An instance of a class that extends Crypt::HSXKPasswd::Dictionary.

dictionary_list

A reference to an array of words.

dictionary_file

The path to a dictionary file. When using this argument, you can optionally include a second named argument, dictionary_file_encoding, to specify the file’s character encoding. The module defaults to treating input files as UTF-8.

You should only ever use one of dictionary, dictionary_list and dictionary_file in a single function call. If multiple are specified, only the one with the highest priority will be used, and the rest will be ignored. The list above shows the options in descending priority.

If you don’t specify a word source, the module will use an instance of Crypt::HSXKPasswd::Dictionary::EN_Default.

Specifying A Config

The module can accept a configs as a preset name (with optional key overrides), as a config hasherf, or as a JSON string representing a valid config hashref.

The following named arguments are available for specifying a config:

config
A valid config hashref.
config_json
A JSON string representing a valid config hashref. This feature is only available if you have the standard Perl JSON library installed (available via CPAN).
preset
Use one of the presets defined by the module. You can optionally override one or more keys in the preset by passing a hashref using the named argument preset_overrides.

You should only ever use one of config, config_json and preset in a single function call. If multiple are specified, only the one with the highest priority will be used, and the rest will be ignored. The list above shows the options in descending priority.

When you save a config using the Load/Save tab at www.xkpasswd.net, the config is output in JSON format. The config_json named argument makes it easy to build a config you like using the web GUI, and then use that config in your scripts.

By default the module uses the preset DEFAULT.

Specifying an RNG

There is only one named argument for controlling random number generation, rng, and the associated value must be an instance of a class that extends Crypt::HSXKPasswd::RNG.

As described earlier in the article, by default the module will use the most secure RNG available on your system. Unless you write your own custom RNG, or want to use Crypt::HSXKPasswd::RNG::RandomDotOrg, my advice would be to allow the module choose the most secure available RNG for you by not specifying an rng argument.

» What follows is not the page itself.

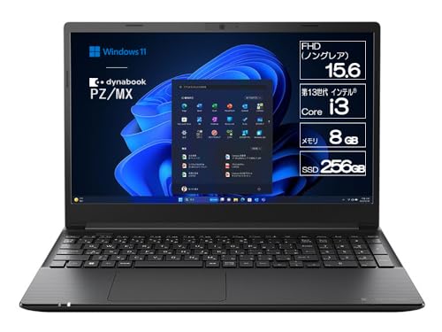 dynabook PZ/MXは、Windows 11 Pro搭載の15.6型スタンダードノートPCです。第13世代Core i3、SSDを搭載し、シンプルかつパフォーマンスに優れたブラックモデルです。

Finally – Reporting Bugs & Contributing

There are literally thousands of new or edited lines of code in this module. I’ve obviously done my own testing, but it’s almost inevitable that I’ve missed something somewhere. If you stumble into any bugs, please let me know by opening an issue on the project’s GitHub page.

You can also use the GitHub issue tracker to suggest improvements or additions.

Finally for any interested developers out there – pull requests are welcome, provided the code works, the code style is consistent with the rest of the module, and the code passes PerlCritic run using the settings in the .perlcriticrc file included in the module’s GitHub project.